(Source material)

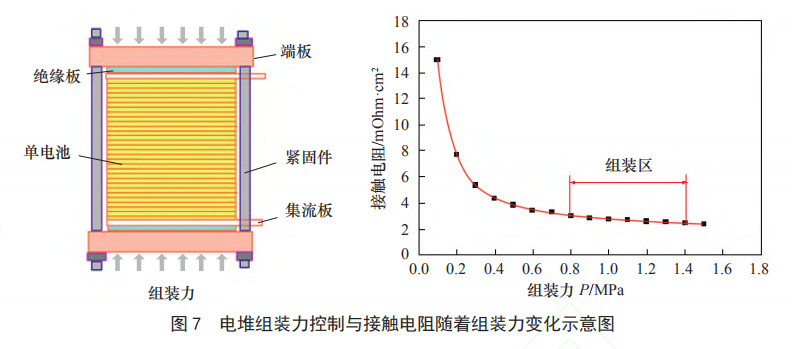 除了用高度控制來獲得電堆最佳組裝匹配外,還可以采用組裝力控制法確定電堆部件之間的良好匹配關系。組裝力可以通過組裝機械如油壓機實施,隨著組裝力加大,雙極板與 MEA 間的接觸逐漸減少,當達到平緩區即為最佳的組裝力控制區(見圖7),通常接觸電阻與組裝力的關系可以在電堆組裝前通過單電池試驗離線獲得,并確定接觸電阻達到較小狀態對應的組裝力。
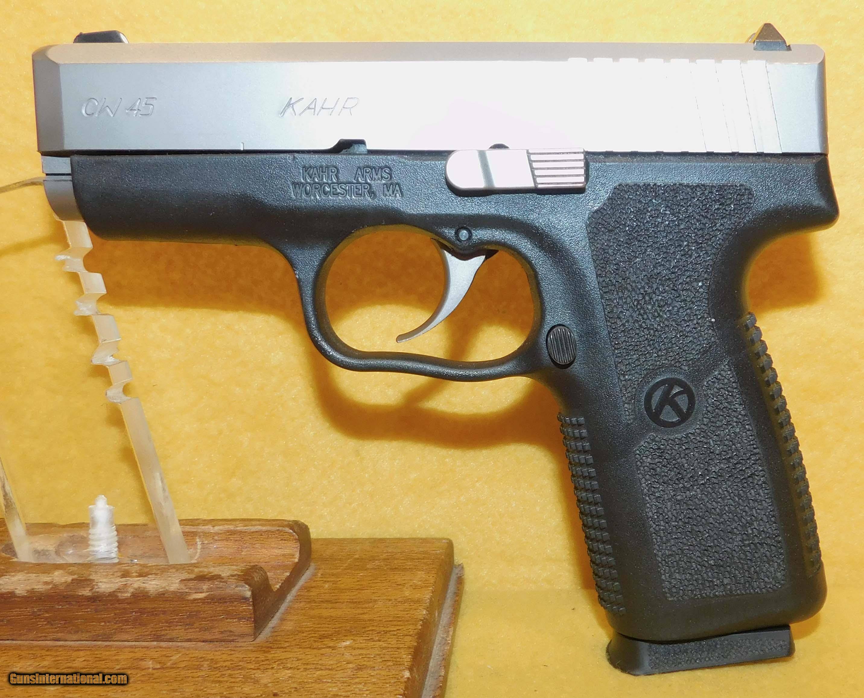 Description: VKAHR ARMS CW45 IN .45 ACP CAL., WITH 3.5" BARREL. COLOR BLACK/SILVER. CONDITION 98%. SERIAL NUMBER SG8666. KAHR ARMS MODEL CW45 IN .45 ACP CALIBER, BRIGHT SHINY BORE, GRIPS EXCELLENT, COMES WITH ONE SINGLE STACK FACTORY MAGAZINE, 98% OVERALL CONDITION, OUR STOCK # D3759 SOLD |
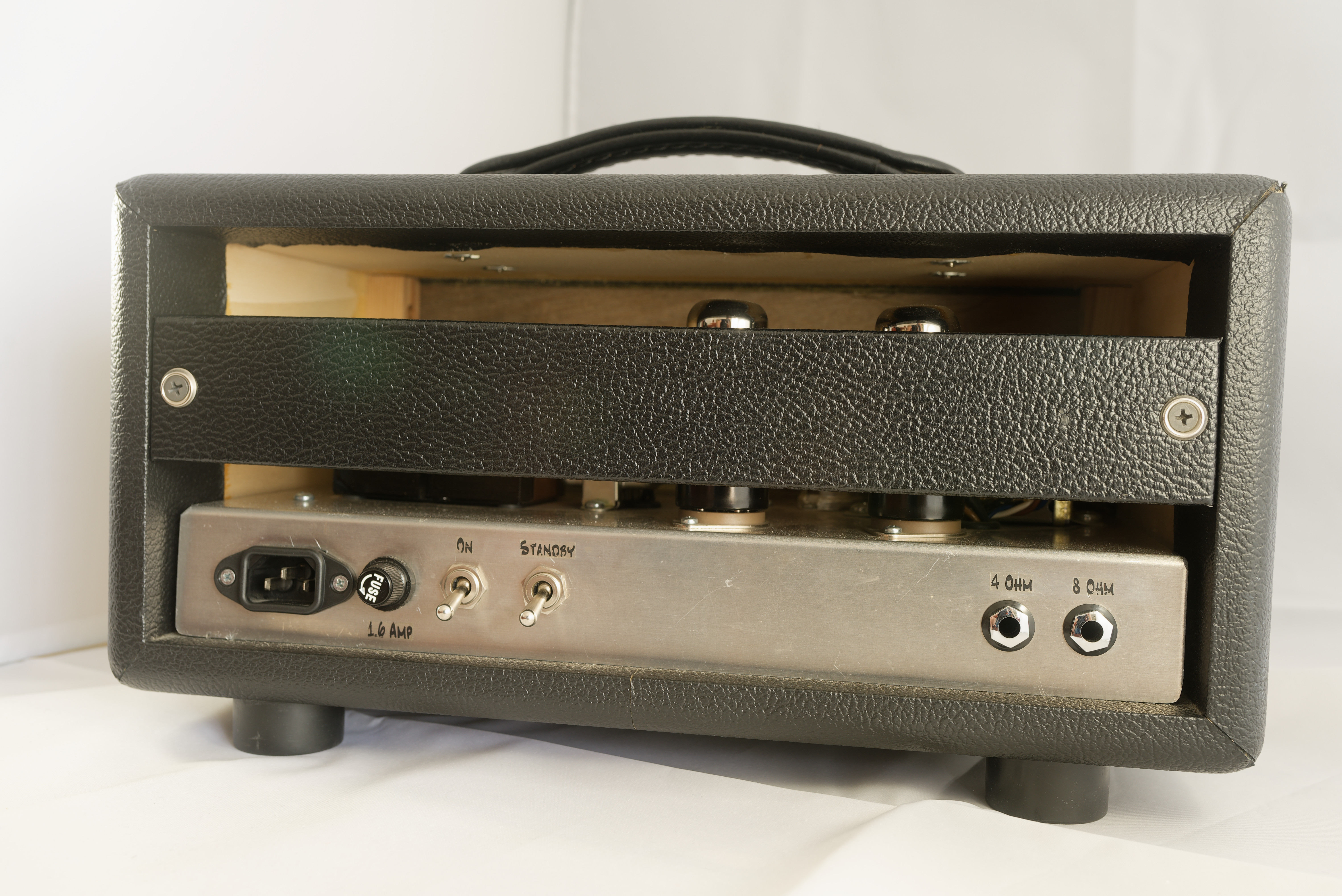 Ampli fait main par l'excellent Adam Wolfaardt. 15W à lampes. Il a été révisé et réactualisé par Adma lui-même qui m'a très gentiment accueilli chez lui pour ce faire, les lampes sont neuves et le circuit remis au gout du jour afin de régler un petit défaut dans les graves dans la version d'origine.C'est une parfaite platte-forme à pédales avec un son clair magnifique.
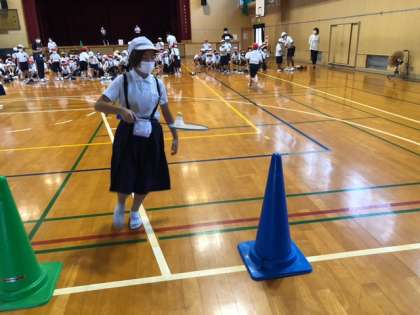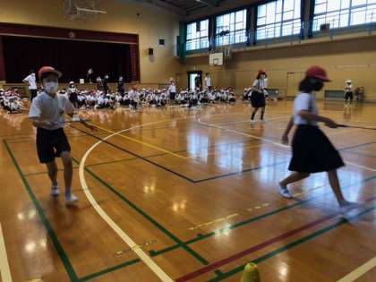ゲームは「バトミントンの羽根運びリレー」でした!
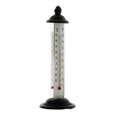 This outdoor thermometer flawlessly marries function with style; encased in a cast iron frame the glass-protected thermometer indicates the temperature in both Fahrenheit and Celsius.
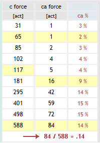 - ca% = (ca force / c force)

(End Source material)

[Task] Exactly the lines from the one holding "ゲームは「バトミントンの羽根運びリレー」でした!" through the last line of the entries must be set down, with nothing added and no pictures.

[Answer for the task]
ゲームは「バトミントンの羽根運びリレー」でした!
 This outdoor thermometer flawlessly marries function with style; encased in a cast iron frame the glass-protected thermometer indicates the temperature in both Fahrenheit and Celsius.
 - ca% = (ca force / c force)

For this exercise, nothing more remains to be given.